══ Data to examine

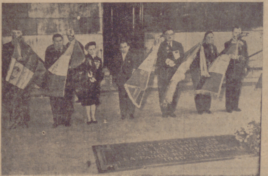
Una placa en recuerdo de los muertos en la resistencia ha sido descubierta en el Arco de Triunfo en presencia de relevantes personalidades. En la foto, los antiguos combatientes delante de la nueva placa.
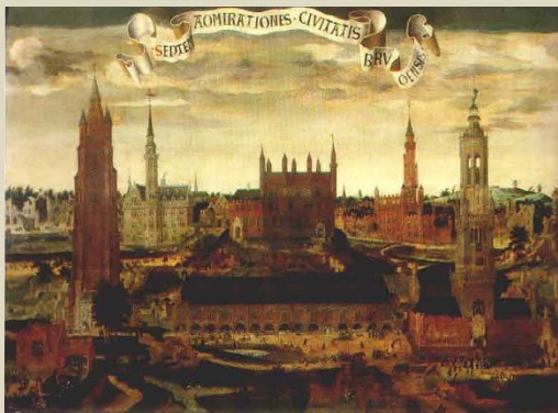
De zeven wonderen van Brugge (Claeissens). Het huis de zeven torens of het Hof van Meulebeke prijkt centraal tussen andere monumentale Brugse gebouwen en torens !
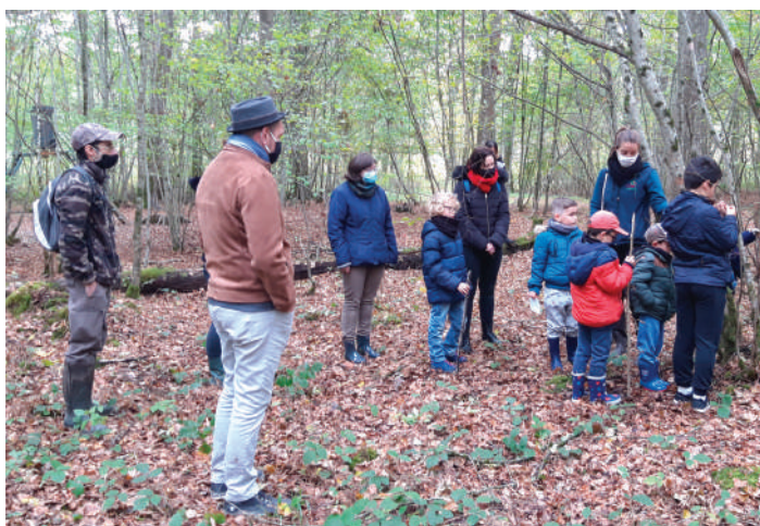
Sortie en milieu forestier à destination du grand public et des enfants, réalisée en partenariat avec le CRPF

Des réunions d'information et de sensibilisation, ainsi que des sorties sur le terrain, sont organisées dans le but de rencontrer les acteurs locaux. Par ailleurs, le Parc, qui comprend 65% de sa surface forestière totale située en Natura 2000, s'implique au quotidien dans l'animation forestière auprès des propriétaires privés et des gestionnaires.
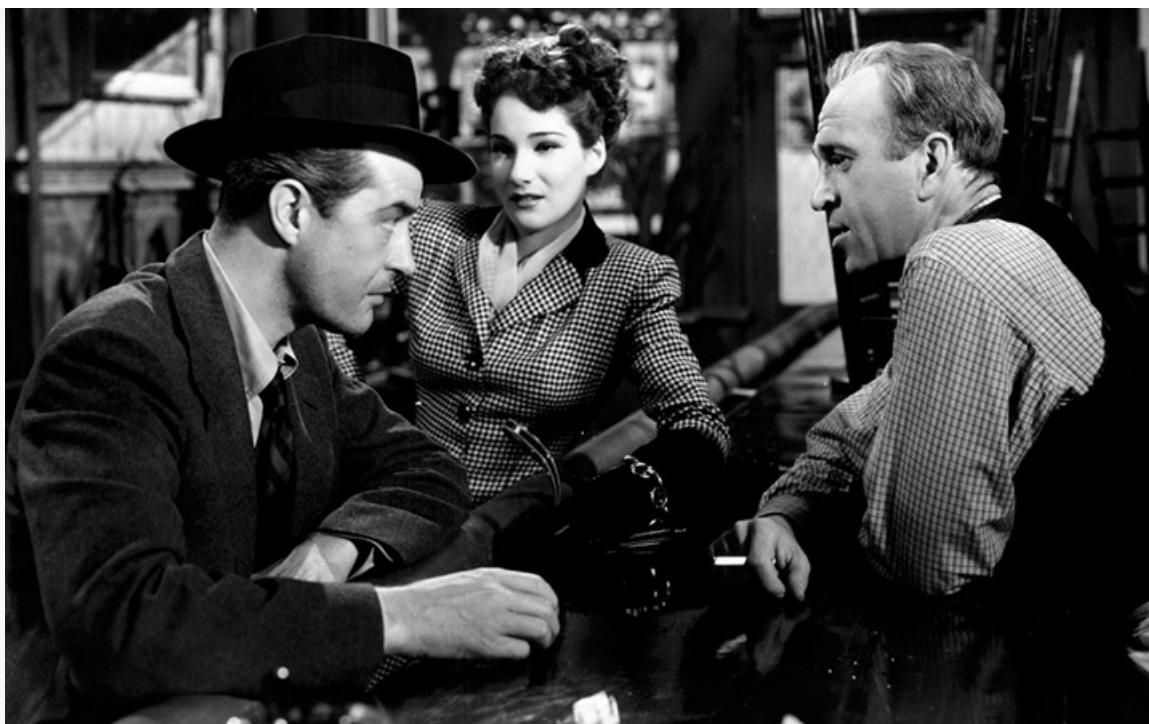
«Потерянный уикенд», 1945 год. Четыре премии «Оскар», в том числе за лучший фильм, лучшую режиссуру и лучший сценарий, три премии «Золотой глобус», в том числе за лучший фильм и лучшую режиссуру, Гран-при Каннского кинофестиваля
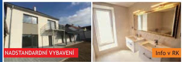
RD 4+kk Velenov
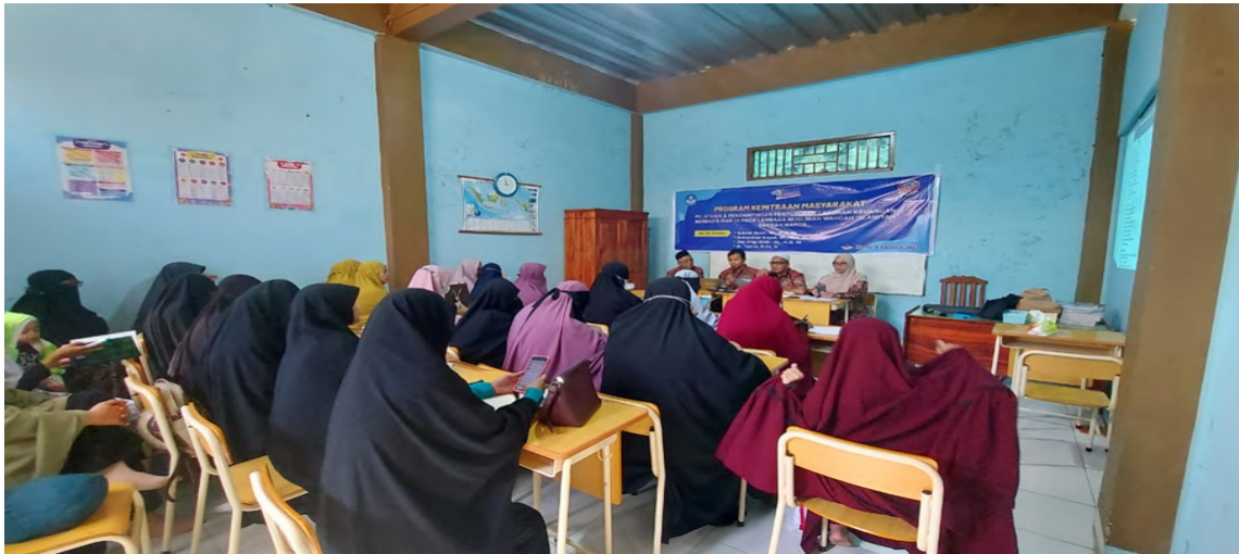
Gambar 3. Pelaksanaan pelatihan karakteristik laporan keuangan berdasarkan ISAK 35

Gambar 3 menunjukkan suasana pelaksanaan pelatihan tentang bagaimana karakteristik laporan keuangan berbasis ISAK 35. Dari hasil pelaksanaan kegiatan ini, mitra telah mendapatkan pengetahuan tentang standar yang digunakan dalam penyusunan Laporan keuangan untuk entitas yang berorientasi non laba yaitu ISAK 35 (Interpretasi standar Akuntansi Keuangan No. 35) revisi dari PSAK 45, yang mencakup Laporan Posisi Keuangan, Laporan penghasilan komprehensif, laporan perubahan aset neto, Laporan arus kas dan Catatan atas laporan keuangan.
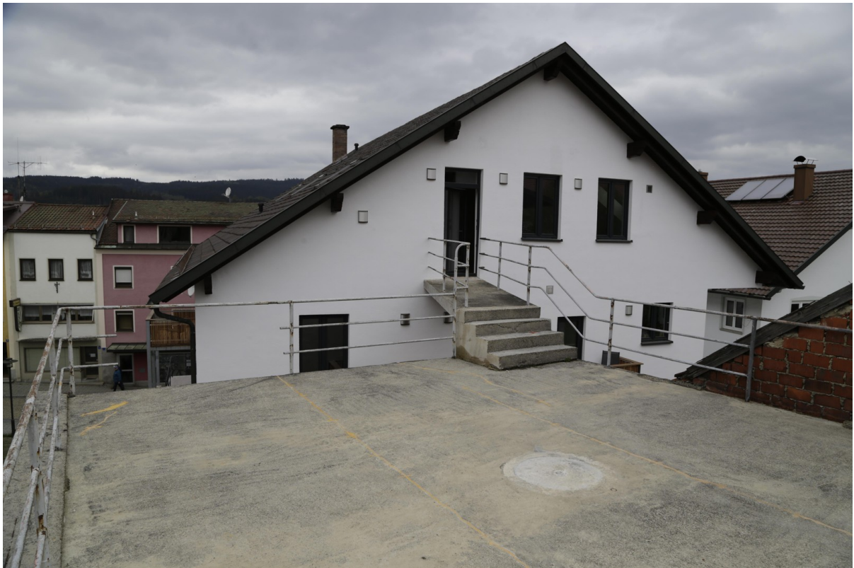
Dachterrasse, wird noch sanier
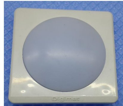
Şekil 4:Ürün hazırdır.
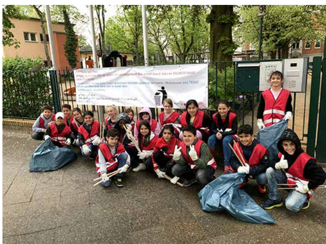
Erstaunt darüber, wieviel kleinteiliger Müll vor der Schule lag: Viertklässler/-innen der Mark-Twain-Schule.

Im Rahmen des Projektes Sauberkeit, Ordnung und Sicherheit wurde gemeinsam mit der Mark-Twain-Grundschule ein Aktionstag kreiert. Der öffentliche Bereich vor der Schule, wo insbesondere die Eltern am Nachmittag auf Ihre Sprösslinge warten, sollte gereinigt werden. Nachdem Schüler/-innen der vierten Jahrgangsstufe ihre Westen übergezogen hatten, wurden sie mit Handschuhen und Zangen, die dankenswerterweise von der BSR bereitgestellt wurden, ausgestattet. Gemeinsam wurden der Gehweg, der Fahrradweg und auch der Grünstreifen nach Müll durchkämmt. Nicht nur die begleitenden Erzieher waren erstaunt, wieviel „kleinteiliger“ Müll eingesam-
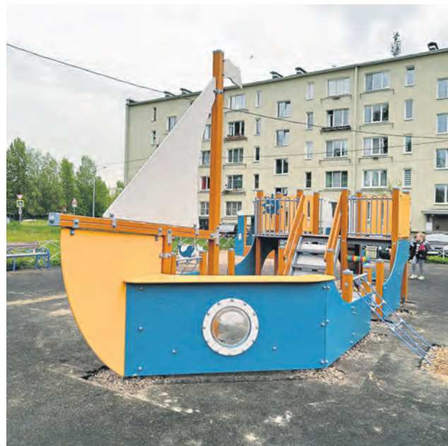
Новое оборудование на ул. Профсоюзная, 11

Лето — самая насыщенная пора для благоустройства. О новых его этапах расскажем в следующий раз. ■
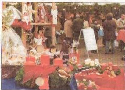
Adventskränze, Gestecke, Baumschmuck und vieles mehr - hier kommt jeder auf seine Kosten.

Der Kapellener Marktplatz wird wieder von weihnachtlich geschmückten Holzhäuschen eingeschlossen, die für alle Besucher besondere Schlemmereien, Gebasteltes, Gestecke und Deko-Artikel darbieten. Vorstand und Vereinsausschuss des TC-Kapellen hoffen auf zahlreiche Besucher nicht nur aus Kapellen, sondern auch aus den umliegenden Städten und Ge-
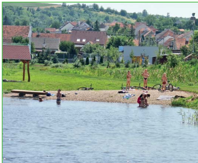
Využívání rybníka ke koupání

Dnes je rybník natolik čistý, že jde vidět i v největší hloubce u stavidla dno, tzn. průhlednost vody je více jak 2,5 m. Nechali jsme před prázdninami udělat laboratorní rozbory vody, které vyšly na výbornou. Všechny ukazatele znečištění jsou hluboce pod normami, takže koupání v našem rybníce je zcela bezzávadné.

════

■ Exercise instructions ■
Starting at the line above with "Dachterrasse, wird noch sanier", output every line exactly up to and including the line with "Adventskränze, Gestecke, Baumschmuck", but none of the pictures.

■ Answer to this exercise ■
Dachterrasse, wird noch sanier
Şekil 4:Ürün hazırdır.
Erstaunt darüber, wieviel kleinteiliger Müll vor der Schule lag: Viertklässler/-innen der Mark-Twain-Schule.

Im Rahmen des Projektes Sauberkeit, Ordnung und Sicherheit wurde gemeinsam mit der Mark-Twain-Grundschule ein Aktionstag kreiert. Der öffentliche Bereich vor der Schule, wo insbesondere die Eltern am Nachmittag auf Ihre Sprösslinge warten, sollte gereinigt werden. Nachdem Schüler/-innen der vierten Jahrgangsstufe ihre Westen übergezogen hatten, wurden sie mit Handschuhen und Zangen, die dankenswerterweise von der BSR bereitgestellt wurden, ausgestattet. Gemeinsam wurden der Gehweg, der Fahrradweg und auch der Grünstreifen nach Müll durchkämmt. Nicht nur die begleitenden Erzieher waren erstaunt, wieviel „kleinteiliger“ Müll eingesam-
Новое оборудование на ул. Профсоюзная, 11

Лето — самая насыщенная пора для благоустройства. О новых его этапах расскажем в следующий раз. ■
Adventskränze, Gestecke, Baumschmuck und vieles mehr - hier kommt jeder auf seine Kosten.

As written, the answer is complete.